Of the latter in Reggio Calabria, at the Museo Nazionale, are the Riace Bronzes, larger than life-size bronze statues of nude, bearded warriors that were cast hundreds of years BC. But far well less known is this area's natural marvel, the bergamot, which grows along 80 kilometres of coastline on either side of Reggio Calabria.

About the size of a large orange, this citrus fruit gives Earl Grey tea its distinctive aroma, its oil is used in perfumes, cosmetics and, increasingly, in confectionery and pharmaceuticals. The fragrance of the rind and the flower is captivating: Poets lauded it as the fruit of Aphrodite, the Greek goddess of love, beauty and sexuality.

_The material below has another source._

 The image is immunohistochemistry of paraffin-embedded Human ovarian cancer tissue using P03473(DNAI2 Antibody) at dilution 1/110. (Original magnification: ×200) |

This area is said to be the only place in the world where bergamot – not to be confused with the wildflower of the same name – grows so well. Its roots are deep: The trees survived a 1908 earthquake and tsunami which destroyed much of the surrounding area, including Reggio, whose classical buildings have long since been rebuilt and whose nickname is the City of Bergamot.

All along the coast, into the foothills of the Aspromonte Mountains, you can see the ubiquitous fruit. The small trees grow along narrow roadways, in walled home gardens, in tiny groves and in larger plantations. Getting oil out of the rind – it takes about 200 kilograms of fruit for one kg of oil – has been going on here since the mid-18th century, and in its heyday in the 1960s bergamot growers could make a very good living. My wife's grandparents, too, grew bergamot in Pellaro, a town just south of Reggio.

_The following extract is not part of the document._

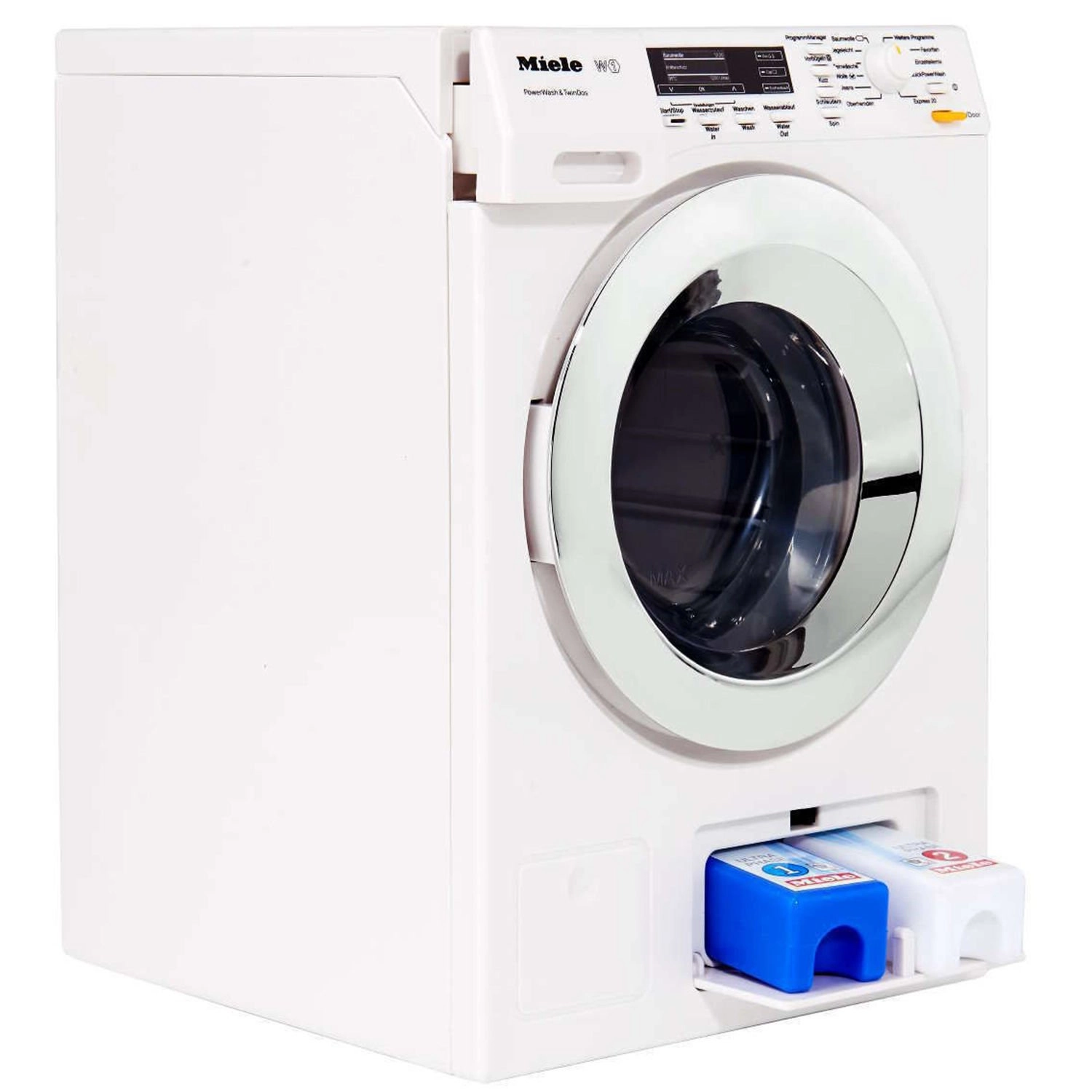 Realistica lavatrice giocattolo MIELE del marchio KLEIN offre ai bambini un divertimento autentico imitando gli adulti. Dispone di cestello rotante, 4 cicli di lavaggio, indicazione LED e possibilità di lavare con acqua o senza acqua. Grazie agli effetti sonori e al cassetto funzionante per l’acqua, il gioco è ancora più credibile e sicuro per bambini dai 3 anni.

But, then, cheap synthetics started taking over, bergamot groves were abandoned or paved over in the rush to urbanize. The industry hung on by its fingertips, supported by passionate locals who believed bergamot would again be known as the green gold of Calabria. With the help of the Consorzio del Bergamotto, a co-operative of all those involved in bergamot production, a worldwide interest in organics and even research that bergamot juice may lower cholesterol, there's much local hope that the bergamot will again fulfill its historical legacy.

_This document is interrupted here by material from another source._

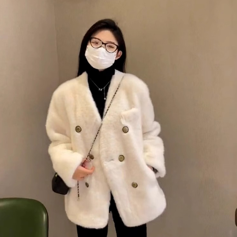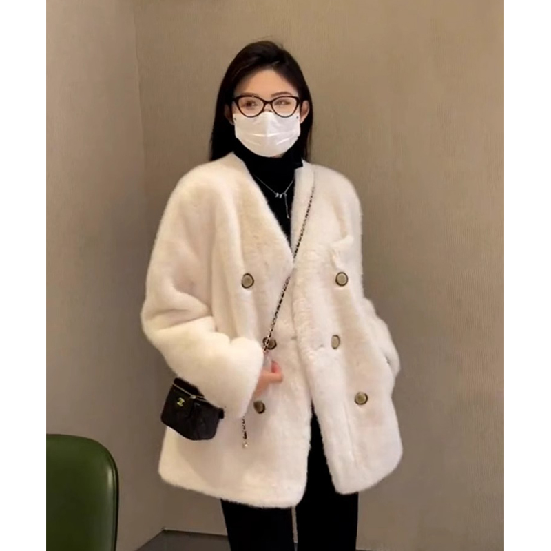 2024 Winter New Korean Fashion Plush Long Sleeve Outerwear - Fleece-Lined Thickened Warm High-Grade Top

Though there are no official tours of bergamot groves, if you're intrepid, the local tourist office or hotel can find you a taxi driver who can take you to see one. And if you come to Reggio, you can drop by La Bergamotteria, a shop on Via Torrione, just a few steps up from the pedestrian-only Corso Garibaldi shopping strip and venue for the daily evening passeggiata, or stroll. There, you can buy all kinds of items (liqueur, candies, soaps and honey derived from the bergamot) and the owner, Edoardo Sergi, is likely to pull out an album of historical photos of bergamot oil production, such as the mechanical device invented locally to squeeze the oil from the rind.

A few minutes down to the seafront will take you to the wide, graceful esplanade, described by the Italian poet Gabriele d'Annunzio as the "finest kilometre in Italy." The boulevard contains a parallel botanical garden with tropical plants and India rubber trees that are nearly a century old.

From here, on a clear day, you can see Sicily's Mount Etna, whose sporadic eruptions of ash have yet to snuff out the bergamot, which locals believe is a special gift from God.